## ABOUT THIS TASK
The answer must consist solely of the lines from the line with "Super sweet set" to the end of the data below, transcribed exactly and with no pictures.
---------- RECORDS PROVIDED
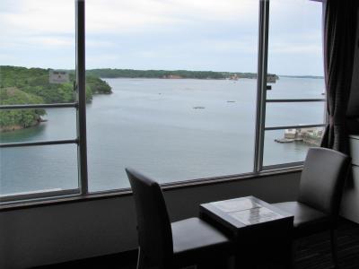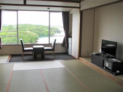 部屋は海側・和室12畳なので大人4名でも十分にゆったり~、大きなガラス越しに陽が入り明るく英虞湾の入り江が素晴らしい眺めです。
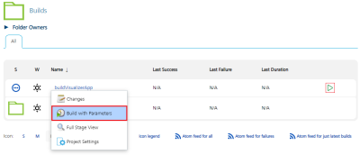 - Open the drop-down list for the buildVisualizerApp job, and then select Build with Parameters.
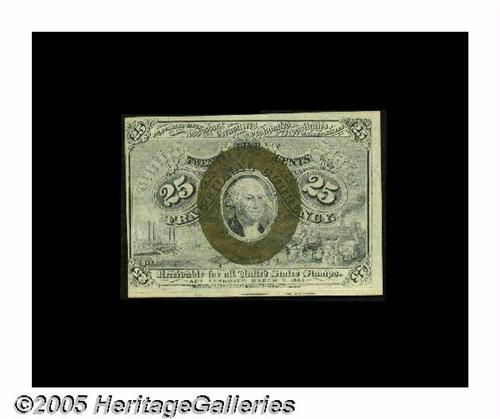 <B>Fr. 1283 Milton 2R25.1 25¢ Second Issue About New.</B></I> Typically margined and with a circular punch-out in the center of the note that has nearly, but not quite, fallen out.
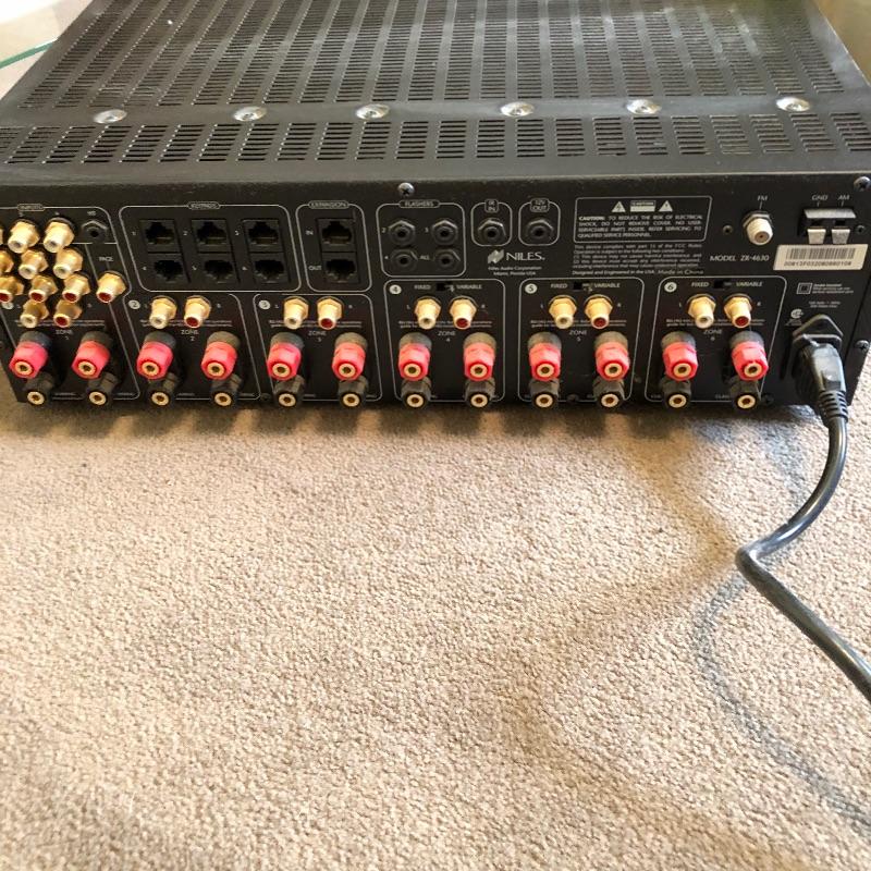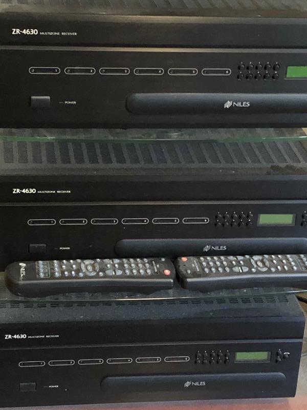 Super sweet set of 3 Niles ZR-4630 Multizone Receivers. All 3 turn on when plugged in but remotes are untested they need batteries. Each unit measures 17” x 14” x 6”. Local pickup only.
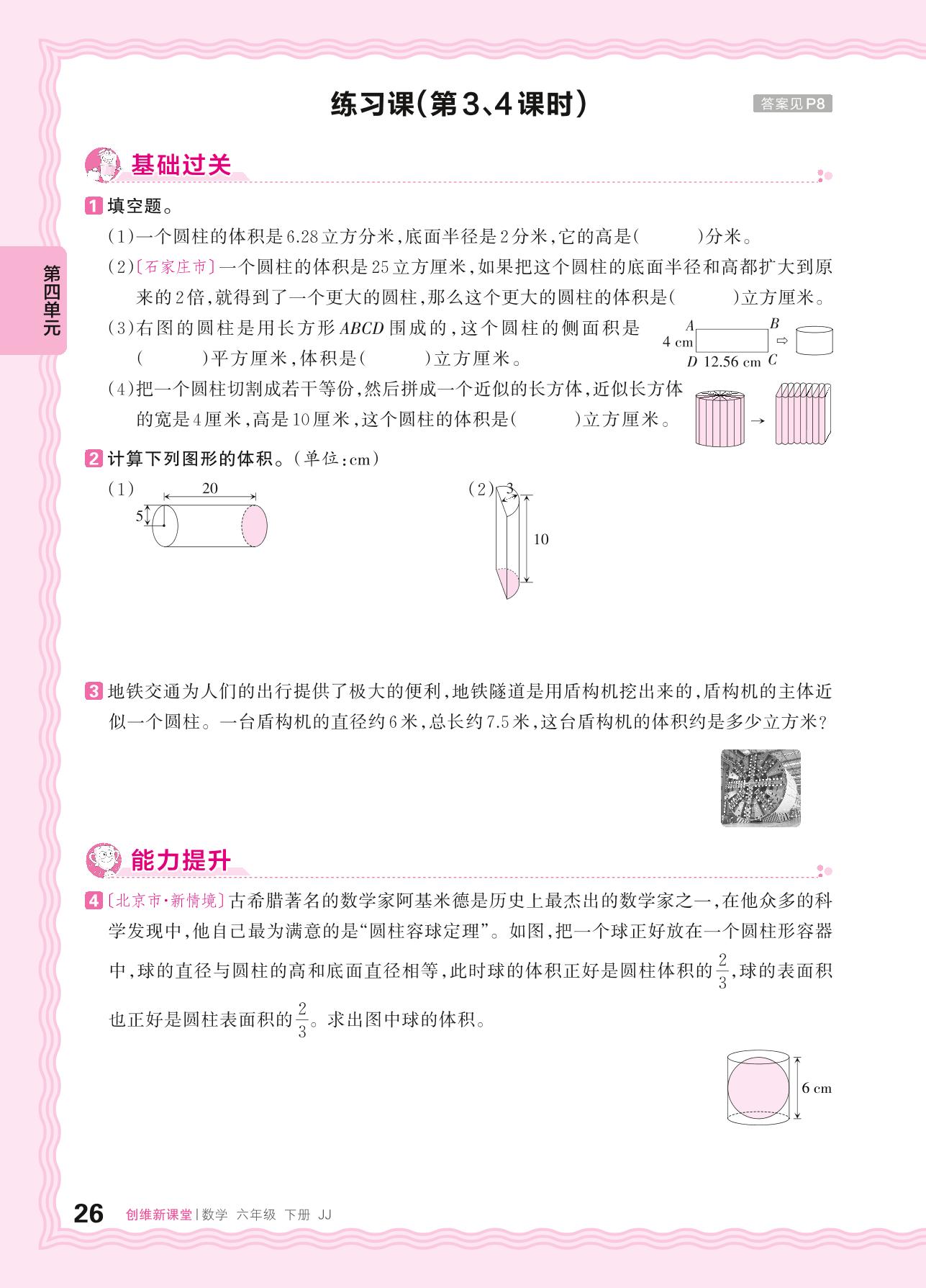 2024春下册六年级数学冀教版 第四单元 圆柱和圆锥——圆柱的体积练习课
--------------------
## RESPONSE TO THE EXERCISE
 Super sweet set of 3 Niles ZR-4630 Multizone Receivers. All 3 turn on when plugged in but remotes are untested they need batteries. Each unit measures 17” x 14” x 6”. Local pickup only.
 2024春下册六年级数学冀教版 第四单元 圆柱和圆锥——圆柱的体积练习课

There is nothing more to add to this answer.